One of the more perplexing issues surrounding scientific questions is the extended time required to provide an answer. Even once a well-considered and vetted conclusion is obtained, an additional interval of time may be required to modify or reverse the answer because of new, relevant data.

A partial explanation for increasingly distressing difficulties with communication between public health officials and the public may be explained by the timelines associated with rigorous scientific investigation, including the conduct and analysis of clinical trials. This was seen especially during the COVID-19 pandemic. Definitive answers to questions relevant to governmental policy to optimize societal health and economic welfare, employer guidance, or individual safety are needed but often what is available in response are no more than reasonable suggestions based on limited and frequently changing data.

The role and benefits of mask mandates or the need for school closures to help ensure public safety in the early days of the pandemic are excellent examples of the dilemma faced by the scientific, medical, and public health communities. In an era of immediate access to information (or in some cases misinformation) provided to society through a variety of social media outlets, the sometimes less than adequate or scientifically supported recommendations/mandates from national or regional scientific and public health officials have not inspired societal confidence.

Further, when questions were raised regarding the safety and effectiveness of the several COVID-19 vaccines, early reassurance had to be based on limited clinical trial data and, admittedly, short follow-up. Critical safety and efficacy features of the products have now been unequivocally documented including observations that specific vaccines appear to possess unique adverse effects. These features would not have been known or available for discussion when the products were initially provided to the public because clinical trials of the agents had not been completed.

A recent report from France has provided data regarding the risk of stroke, pulmonary embolism, or myocardial infarction following review of 46.5 million adults aged 18 to 74 years who received a COVID-19 vaccine between December 27, 2020, and July 20, 2021.1 Although no association was found between these events with mRNA-based vaccination, a potential risk was observed with the administration of an adenoviral-based vaccine product. Again, this information was available only through examination of this large, population-based database after more than 1 year of follow-up.
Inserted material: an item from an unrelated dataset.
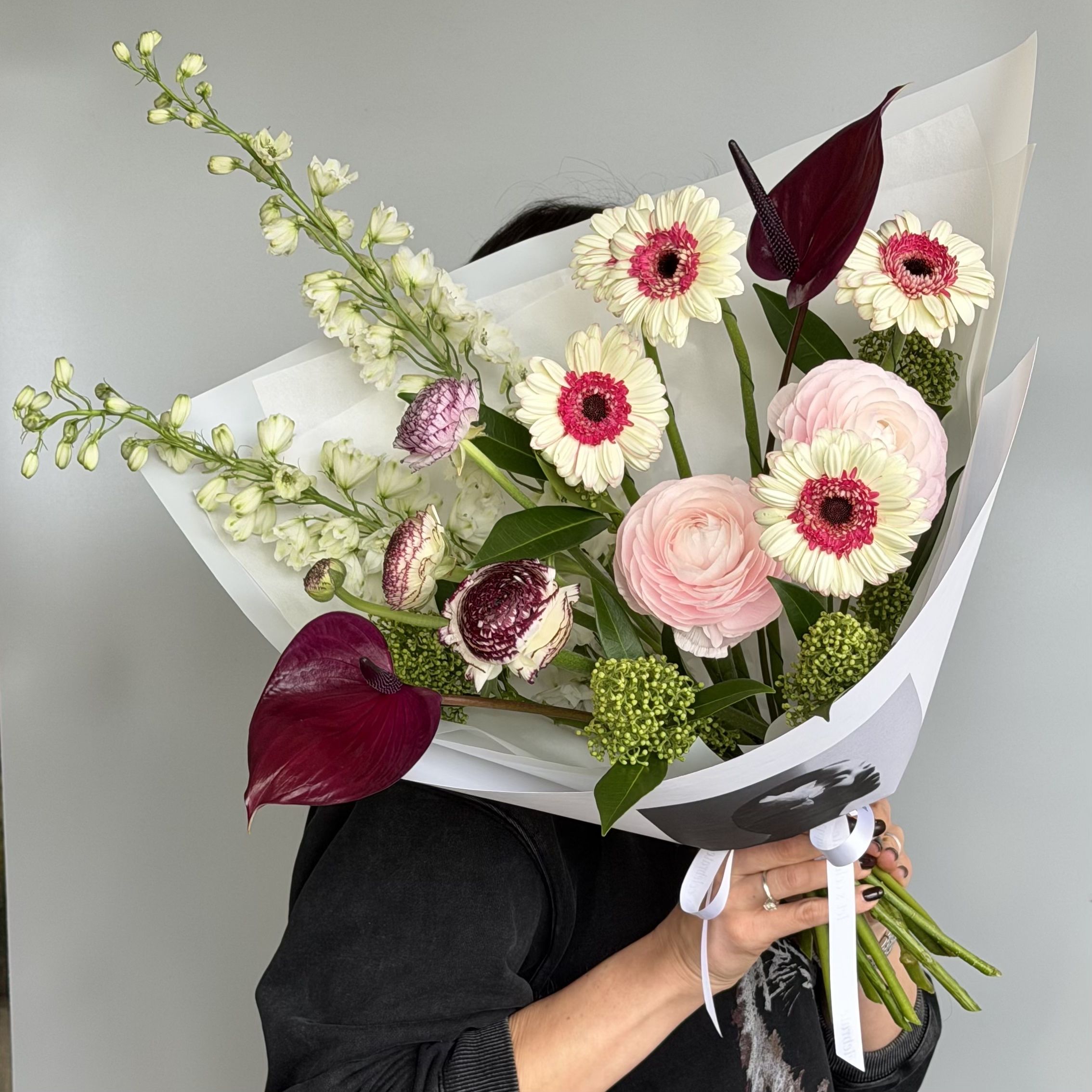 Букет для твоей музы… Роскошь из антуриумов, дельфиниума, ранункулюсов, гербер и скимии.

Similarly, the question of if the risk of developing myocarditis after COVID-19 vaccination vs COVID-19 infection has required time to document in large patient populations. In a recently published report from England, investigators examined individuals who developed myocarditis following adenoviral-based or mRNA-based vaccination or following a positive SARS-CoV-2 test from December 1, 2020, and December 15, 2021.2 The findings revealed that, overall, COVID-19 infection was associated with a greater risk of experiencing this potentially serious cardiac event compared with vaccination.

Another large population-based study from England and Wales examined electronic health records from January to December 2020 to understand the risk of the development of arterial or venous thrombotic disease following the diagnosis of a COVID-19 infection.3 Individuals with confirmed COVID-19 infection had a relatively high risk for experiencing a major arterial or venous thrombotic event that persisted for almost 1 year after diagnosis compared with a noninfected control population.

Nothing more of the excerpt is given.